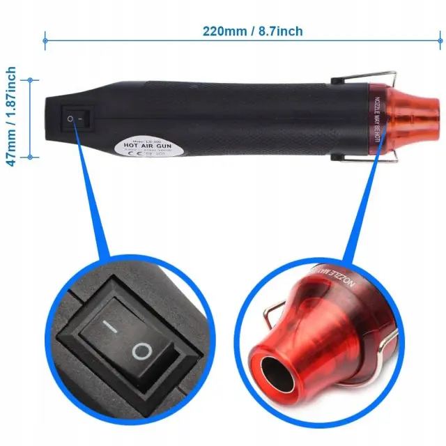 ✅ Prilagodljivost nastavitev: Ročaj omogoča prilagodljivost nastavitev delovanja. Tok vročega zraka lahko natančno usmerite na območje, ki ga je treba segreti, in tako dosežete želeni učinek.
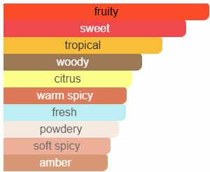 Base: Vanilla, Patchouli, Cedarwood, Sandalwood, Amber, Musk
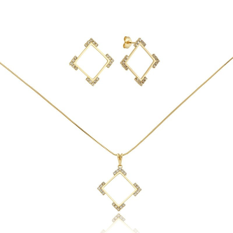 - Brinco e pingente no formato de quadrado de 1,7 cm com strass;
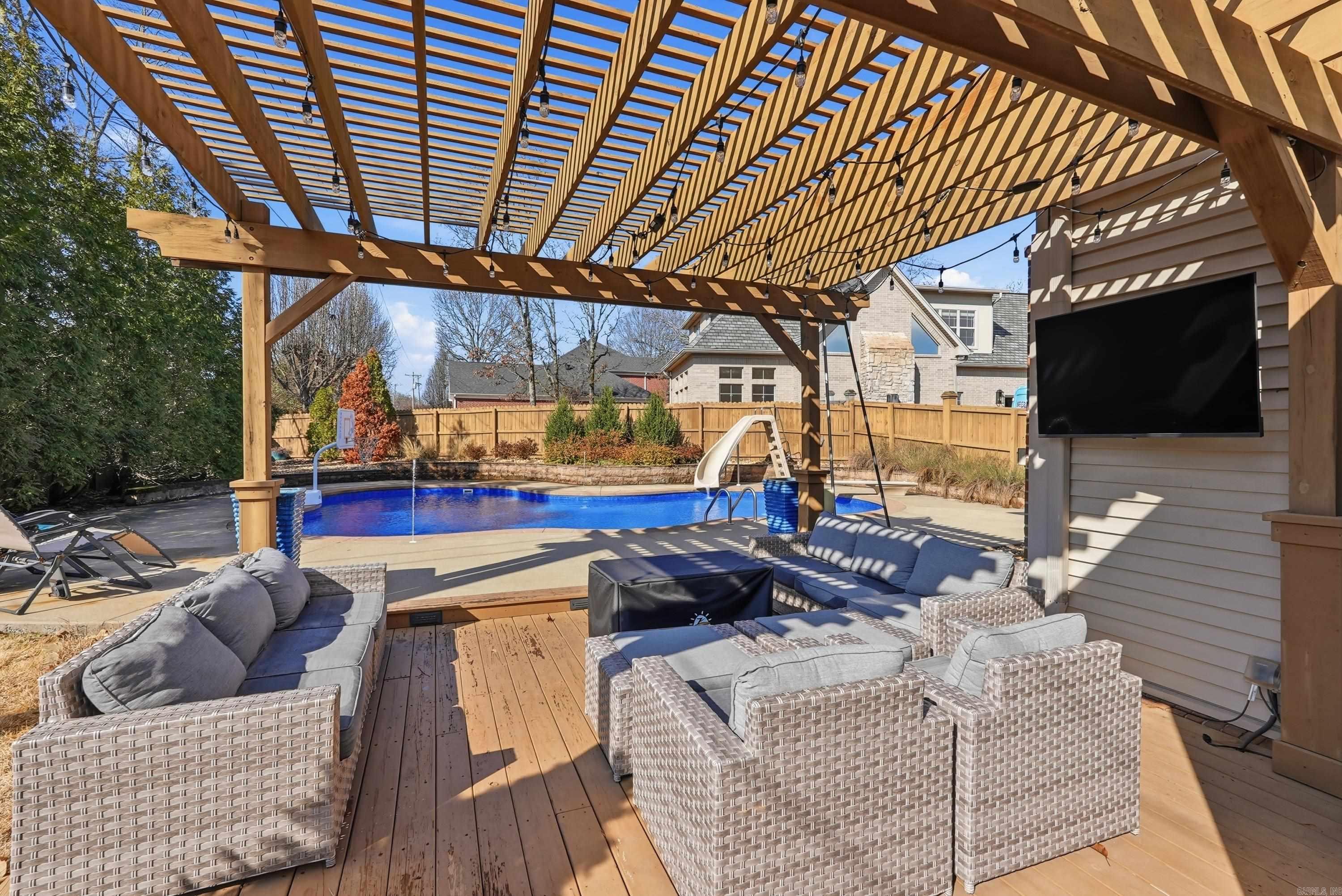 Discover an extraordinary opportunity to own a property in the heart of Overbrook, where the backyard is a true showstopper. This private oasis features a lagoon-shaped saltwater pool that exudes a resort-like ambiance, perfect for both entertaining and everyday enjoyment. The salt-water pool is equipped with a new liner (2025), diving board, slide, water features, pool heater, and Wi-Fi controlled LED lighting, ensuring a luxurious experience. The expansive deck and pergola overlook a meticulously manicured Zoysia lawn and professionally landscaped grounds, creating an elevated yet relaxed atmosphere. Inside, the home boasts 3,852 square feet of living space, including 4 bedrooms and 3.5 baths. The main level houses two bedrooms, one of which is a spacious primary suite. Significant updates include a new 30-year architectural roof (December 2024), all new windows (2019), granite countertops, updated fixtures and hardware, fresh interior paint, solid white oak hardwood floors, and newer HVAC systems. Additional features include a gas fireplace, sprinkler and security systems, along with access to Overbrook amenities--including a community pool, tennis courts, trails, and playground.

What to do —
Print the part of the listing above that opens with the line containing "Base: Vanilla, Patchouli, Cedarwood, Sandalwood, Amber, Musk" and closes with the line containing "- Brinco e pingente". Copy it exactly, both ends included, and omit the pictures.

Result of this exercise —
 Base: Vanilla, Patchouli, Cedarwood, Sandalwood, Amber, Musk
 - Brinco e pingente no formato de quadrado de 1,7 cm com strass;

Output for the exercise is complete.